Hello all, new here though not to smoking. First rounds on me. Found this site on a link from another and hoping to find some mods on my Sams Club stainless propane smoker. Have had it a few years and it puts out a great product though the drawers for the wood are not large enough to hold anything but chips. I was hoping to find further info here at SMF. So feel free to chime in and/or point me in the right direction. Thanks to all.


----------



## glued2it (Dec 28, 2007)

Welcome to SMF! I'm sure someone here may be familiar with your unit will be along to help.


----------



## brianj517 (Dec 28, 2007)

Good morning, Doc. Glad you found us. welcome to SMF. Hope to here of your escapades often.

Cheers,
Brian


----------



## ozark rt (Dec 28, 2007)

Dang glued I think I would've found a better way to phrase that.

Welcome Snook


----------



## mossymo (Dec 28, 2007)

DrSnook
Welcome to SMF !!!


----------



## ajthepoolman (Dec 28, 2007)

Welcome!  I am not familiar with your smoker.  Can you post a pic?


----------



## fatback joe (Dec 28, 2007)

Welcome to the forum.


----------



## smokeys my pet (Dec 28, 2007)

Doc welcome and I look forward to your q-view.
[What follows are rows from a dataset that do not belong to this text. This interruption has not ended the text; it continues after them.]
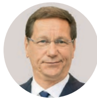
А. Д. Жуков Первый заместитель председателя Государственной думы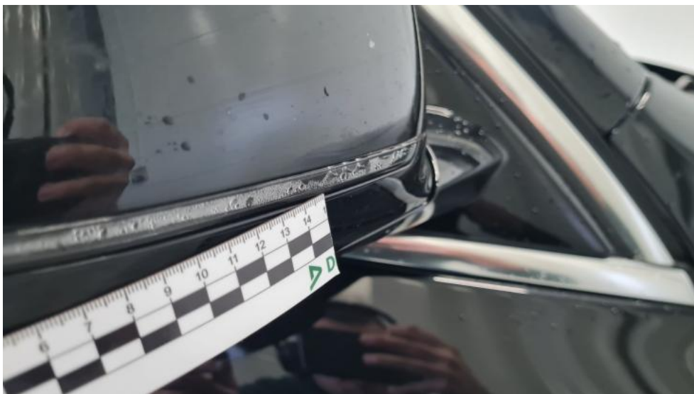
Photo 47. Lusterko zew P - Inne 1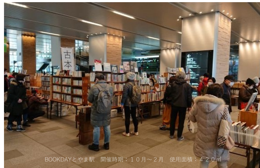
BOOKDAYとやま駅 開催時期：10月～2月 使用面積：420㎡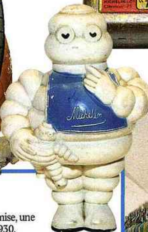
Poupée Michelin de la fin des années 1930, en caoutchouc, avec son baigneur, H. 17 cm.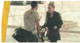
LAURA CHIATTI E BOCCI, BRUSCA LITE PUBBLICA IN AEROPORTO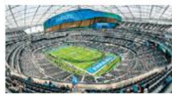
Federación de asociaciones La Copa del Mundo robó ya visitantes a fiestas navideñas

La Comisión de Turismo del Senado y la Comisión de Estudios Legislativos Segunda aprobaron por separado reformas a la Ley General en la materia a fin de evitar la trata de personas y la explotación sexual infantil una vez que se encendieron las alarmas a menos de medio año del certamen deportivo, sobre todo porque México es segundo en ese delito detrás de Tailandia. PÁGS. 10 Y 11

Someone will be along to help with mods i'm sure!!!!!!!!!!


----------



## homebrew & bbq (Dec 28, 2007)

Welcome to SMF! We're glad you're here! Is there a brand name on your smoker? The folks here will be able to tell you more if they have more specific info.


----------



## hillbillysmoker (Dec 28, 2007)

Welcome to the forum. Lots of friendly folks here who are always ready to share. I am not familiar with that smoker either. Sorry.


----------



## flash (Dec 28, 2007)

Always good to have another Floridian on board. I'll take a B & B. I see you are kinda close to Orlando.....my condolences


----------



## teacup13 (Dec 28, 2007)

welcome to SMF ... i think this is his smoker because it is the only one with drawers for wood chips


----------



## drsnook (Dec 28, 2007)

Thanks everyone, and Glued I'll check my unit(lol) when I get home from work. And Flash is the one I got the link from. He answered some ?'s for me re:T-Day turkey and it came out great. Oh, and I do have pics but still haven't figured how to get them from the camera to the internets(haha). I'll try to pin my 10y/o son down this weekend for the help. Isn't that funny. Me a grown man with more schooling than I can remember needs help from a ten y/o. Thanks all and have a GREAT weekend!


----------



## drsnook (Dec 28, 2007)

Teacup, thats the one(unit, lol). I don't know why but after Glued replied, I can't stop laughing when I say or type "unit"


----------



## drsnook (Dec 28, 2007)

This forum posts backwards?
	

	
	
		
		



		
		
	


	





  Or is it just me?lol


----------



## cowgirl (Dec 28, 2007)

Welcome to the forum DrSnook!


----------



## drsnook (Dec 28, 2007)

Thanks again all for the welcome. I figured out the backwards(me) posts in my profile. lol


----------



## ds7662 (Dec 29, 2007)

Welcome Snook and goodluck with the mods.


----------



## kookie (Dec 29, 2007)

Welcome to the site. Lots of useful info. here.

Kookie


----------



## flash (Dec 29, 2007)

Hmm, brought you over from Florida Sportsman i guess ?? Now I gotta get you trained properly.


----------



## drsnook (Dec 29, 2007)

You got it Flash, thanks again for the help on the turkey's.  They were gooood!!!


----------



## cman95 (Dec 29, 2007)

Welcome to SMF Dr. This is THE place to be.


----------



## drsnook (Dec 29, 2007)

Thanks cman and everyone else. I think I'll hang around.


----------



## meowey (Dec 29, 2007)

Welcome to SMF!

Take care, have fun, and do good!

Regards,

Meowey


----------